Aesthetics in motion...
Muscle control is the physical ability to trigger a specific muscle of the body in order to contract connected hard tissue without causing any movement or causing one to an in-movable direction, making the muscle itself move.
Bounce: If the entire muscle is contracting suddenly.
Roll: If the muscle fibers are contracting progressively and linearly, one after the other.
Shake: If the entire muscle contracts so fast that it doesn't have enough time to fully relax, which means that the starting point of the performance is the mid-flexed position and the finishing point the fully-flexed position.
Pulse: If the entire muscle contracts fast but softly, not reaching the fully-flexed position but as high as the mid-flexed position, which means that the starting point of the performance is the relaxed position and finishing point the mid-flexed position. It is the opposite of shake.
Pseudo[Bounce/Roll]: If the contraction is happening involuntarily, usually because the muscle control performance of some other muscle is neuro-activating the pseudo[bouncing/rolling] muscle.
Mono: If the control is performed on one of the two muscles of a group, we refer to it as mono performance (ex. bouncing one of the two pecs).
Double: If the control is performed on both muscles of a group simultaneously (ex. bouncing both pecs simultaneously).
Linear: If the control is performed on both muscles of a group one after the other (ex. bouncing one of the pecs and then the other).

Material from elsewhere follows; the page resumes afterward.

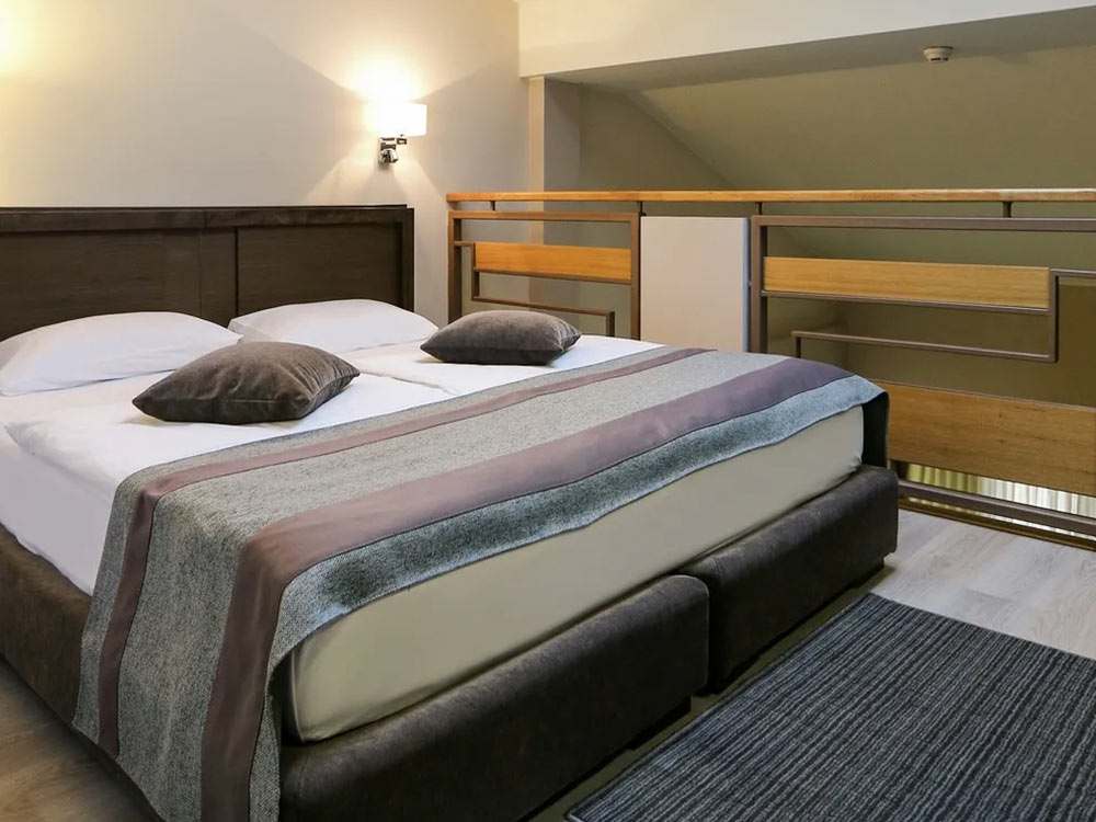 DBL Superior Duplex: 50 m2, terrace or French balcony, bed (200x200) on the second floor, sofa (145x190) in the living room, 2 TV, safe, phone, hair, Wi-Fi, minibar (cage), 2 bathrooms. Maximum occupancy: 3 adults or 2 adults + 2 children.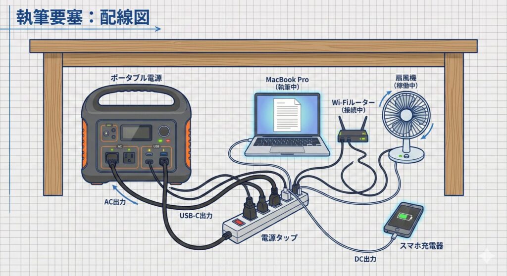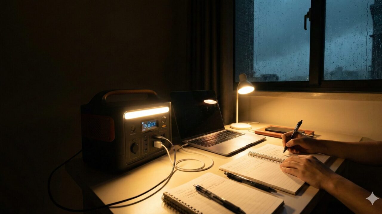 しかし、私のデスクの上だけは別世界。 ポータブル電源(私はEcoFlow DELTA 2を使用しています)が「カチッ」と微かな音を立ててバッテリー駆動に切り替わり、モニターの明かりは一度も瞬くことなく、書きかけの原稿を照らし続けました。 そして何より、足元の扇風機が、何事もなかったかのように首を振り続けている。

Maximum Potential Bounce Frequency (MPBF) is the natural limit and frequency at which the muscle merely has the time to fully relax before the next bounce, being physically impossible to bounce any faster as it won't have the time necessary to relax until the next bounce. Any bounce with a higher frequency than MPBF will result to muscle shake.
Maximum Bounce Frequency (MBF) is the relative to skill maximum frequency a performer can reach before transitioning to shake or failing to continue bouncing. The higher the skill, the higher the MBF with MPBF being the limit (MPBF equals MBF in mastered bounce control).
It is defining that no other muscles which could facilitate the effect are not used during the demonstration of the muscle control skill.
Muscle control is usually performed by individuals of above-average muscle mass, low body fat and generally fit physiques with bodybuilders being the most famous performers.
We focus on male muscle control on this site but the same applies for the females as well.
Muscle control is a lost art, an artistic performance of mind-muscle connection; it was a well-known and extensively demonstrated skill back at the Golden Era of Bodybuilding. Many bodybuilders had developed unprecedented control over most of their musculature, something that allowed them to use it as stunts during bodybuilding contests, pose better and be able to activate, isolate and use their muscle groups more efficiently and fully.
Above all the muscle controls, pec bounce (a sudden contraction of the pectoralis major) is by far the most famous, mostly because pectoralis major is the first and one of the biggest one can develop substantial control over.
80% of exhibited muscle control performances are pec bounces and if the other pec control performances are taken into account (pec roll and pec shake) the result is a dominating 90%, leaving so little room for the others, not only because they are harder to achieve but mostly because there is no interest in mastering them.
This site is an effort to inform of the various muscle controls the human body is capable of and restore/promote videos projecting this astonishing ability.